![Под сенью наших берёз](/covers_330/66819143.jpg)
Полная версия
Под сенью наших берёз
Назавтра была суббота. Ангелина планировала выйти на работу на несколько часов. Работа была сдельной, и ей часто приходилось работать сверхурочно, чтобы побольше заработать. Но не в этот раз. Накормив детей завтраком, она вместе с парнями, утирающими то и дело хлюпающие носы, отправилась в магазин.
– Мамочка, ну пожалуйста, ну давай оставим машину. Мы всегда будем слушаться! Будем ходить в магазин, да и вообще, – будем делать все, все! – уговаривали они ее с жаром.
Мама была непреклонна. В магазине никто не обрадовался их приходу и маминой просьбе принять товар обратно.
– Следить, женщина, надо за своими детьми. Такой товар не подлежит возврату, – напустились на Ангелину продавщицы в два горла.
Мальчишки стояли, опустив головы. Толя взял себя в руки, Вовка рыдал, размазывая слезы по щекам.
– Вы видели, что дорогую игрушку покупают дети, без взрослых. Как вам в голову пришло отпустить такой дорогой товар двум малолетним мальчишкам?
– Откуда мы знаем, может быть, родители дали деньги и разрешили купить машинку? – торгашки криком пытались защититься от назойливой мамаши и заткнуть ее во что бы то ни стало.
– Позовите заведующую, девочки.
На счастье, та оказалась на рабочем месте. Ангелине пришлось описать ситуацию снова.
– У меня нет лишних денег на покупку таких вещей, на эти деньги я могу купить пару обуви для одного из них.
Деньги вернули, осадок остался.
Автобус все дальше увозил ее от ее мальчиков. Какая печаль на душе. Какая боль, – как вся ее жизнь, где она вынуждена всегда одна, без помощи справляться со своими проблемами, рассчитывать только на себя, не ждать поддержки ниоткуда.
* * *Через две недели после начала учебного года мастер цеха позвал Ангелину к телефону. Звонили из интерната.
– Магдалина Николаевна, мальчики дома не появлялись? – проскрипела трубка.

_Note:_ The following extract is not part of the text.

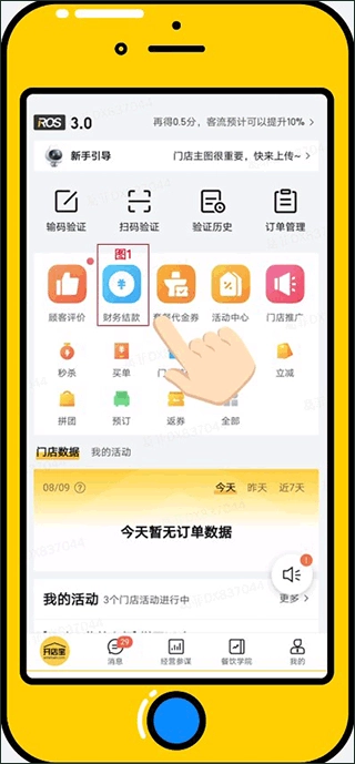 1、进入美团开店宝主页后点击主页上的财务结款。

– Нет. Что случилось? – слова прозвучали как выстрел учащающихся ударов сердца.
– Они исчезли, в интернате их нет, – сказала воспитательница.
Ангелина осела на стул, стоящий возле стены. Накручивая длинный провод трубки на палец, спросила сдавленным голосом:
– Как это исчезли???
– Мы думаем, что они уехали в город, домой. Пожалуйста, сообщите нам, когда они объявятся.
Ангелина в полуобморочном состоянии отпросилась с работы и побежала домой. Но дома ребят не оказалось. Наташа и Кира были тоже обескуражены и взволнованы, узнав такую новость. Куда бежать, что делать? Невиданной роскошью – телефонами обладали единицы. Люди годами ждали очередь на установку заветного аппарата в своих домах. Только у одного деда – Героя Советского Союза, живущего в конце улицы, – телефон имелся. К нему обращались только в крайних случаях. Мама побежала туда, нужно позвонить в интернат и сказать, что мальчиков дома нет. Директриса обязана сообщить в милицию об исчезновении школьников.
Ангелина и девочки разделились и побежали по друзьям братьев. Обошли всех, ни к кому ни один из них не приходил. Явился участковый, расспросил, ушел. Ангелина бесконечно бегала к Герою звонить, узнать, не объявились ли беглецы в интернате. Наступила ночь. Мама не могла сомкнуть глаз. Она то сидела, уставившись в одну точку, то вглядывалась в ночь через отодвинутую занавеску, то выходила во двор, тихонько зовя сыновей по именам. В конце концов, девочки уснули, мама просидела всю ночь возле окна, поглядывая на часы. Как только стрелки показали восемь – раньше этого часа директриса не приходила на работу, – Ангелина пошла к обладателям заветной трубки звонить снова. Ничего. Опять неизвестность. В школу не возвращались, никто не видел. Ангелина вернулась домой, дочки уже проснулись, вопросительно смотрели на нее, спрашивать не было необходимости, и так все ясно по маминому лицу. Только она села за стол, как раздался стук в окно. Ангелина разглядела Синюю Птицу сквозь тюлевые занавески. «Пришла денег просить на опохмел, этого еще не хватало», – подумала Ангелина, но пошла на улицу, девочки за ней. С Птицей было все в порядке, она уже опохмелилась, кивнула маме, позвала идти за ней. Так же молча мама двинулась следом за сизым запахом перегара. Соседка подошла к низким дверям своего курятника и распахнула едва приоткрытую дверь, приглашая соседку войти. Согнувшись в три погибели, Ангелина втиснулась в крохотный курятник. В дальнем правом углу на сене виднелись две мальчишеские русые вихрастые головы – одна побольше, другая поменьше, туловища прикрывала старая фуфайка Птицы, которая обычно висела на ржавом гвозде на стене. Заканчивалась эта композиция торчащими в разные стороны ногами в школьных брюках и ботинках. Мама, не в силах произнести и слова, устало опустилась на табурет, стоявший возле дверного косяка, опустила голову на грудь. Не спавшая всю ночь, рисовавшая мысленно ужасные сцены, она будто мгновенно постарела. Кира приблизилась к маме, обняла ее.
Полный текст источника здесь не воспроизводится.